ASSIGNMENT
Output the whole listing exactly, with no pictures.

/---

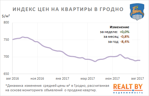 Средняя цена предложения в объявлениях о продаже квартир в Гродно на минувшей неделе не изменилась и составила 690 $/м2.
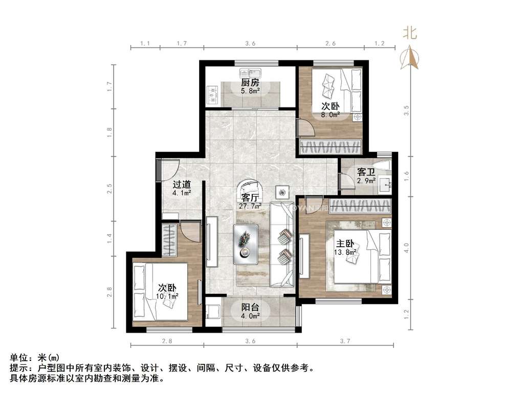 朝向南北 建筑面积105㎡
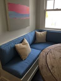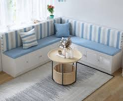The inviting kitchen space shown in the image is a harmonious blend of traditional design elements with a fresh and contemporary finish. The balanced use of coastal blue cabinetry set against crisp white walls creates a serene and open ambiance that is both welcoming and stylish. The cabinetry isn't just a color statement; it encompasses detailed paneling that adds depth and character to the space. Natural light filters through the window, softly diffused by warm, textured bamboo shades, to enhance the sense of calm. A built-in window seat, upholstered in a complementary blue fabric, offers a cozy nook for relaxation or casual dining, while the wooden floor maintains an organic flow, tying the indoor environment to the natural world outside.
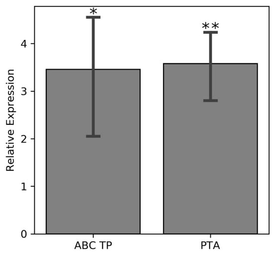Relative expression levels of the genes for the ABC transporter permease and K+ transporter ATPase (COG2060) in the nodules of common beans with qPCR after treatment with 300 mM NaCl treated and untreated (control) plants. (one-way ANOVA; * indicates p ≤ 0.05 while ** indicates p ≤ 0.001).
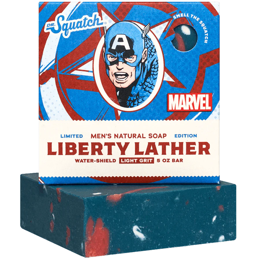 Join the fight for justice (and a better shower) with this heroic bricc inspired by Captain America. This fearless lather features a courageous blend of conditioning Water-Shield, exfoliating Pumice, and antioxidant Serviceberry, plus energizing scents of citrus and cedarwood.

\---

SOLUTION TO THIS PROBLEM
 Средняя цена предложения в объявлениях о продаже квартир в Гродно на минувшей неделе не изменилась и составила 690 $/м2.
 朝向南北 建筑面积105㎡
The inviting kitchen space shown in the image is a harmonious blend of traditional design elements with a fresh and contemporary finish. The balanced use of coastal blue cabinetry set against crisp white walls creates a serene and open ambiance that is both welcoming and stylish. The cabinetry isn't just a color statement; it encompasses detailed paneling that adds depth and character to the space. Natural light filters through the window, softly diffused by warm, textured bamboo shades, to enhance the sense of calm. A built-in window seat, upholstered in a complementary blue fabric, offers a cozy nook for relaxation or casual dining, while the wooden floor maintains an organic flow, tying the indoor environment to the natural world outside.
Relative expression levels of the genes for the ABC transporter permease and K+ transporter ATPase (COG2060) in the nodules of common beans with qPCR after treatment with 300 mM NaCl treated and untreated (control) plants. (one-way ANOVA; * indicates p ≤ 0.05 while ** indicates p ≤ 0.001).
 Join the fight for justice (and a better shower) with this heroic bricc inspired by Captain America. This fearless lather features a courageous blend of conditioning Water-Shield, exfoliating Pumice, and antioxidant Serviceberry, plus energizing scents of citrus and cedarwood.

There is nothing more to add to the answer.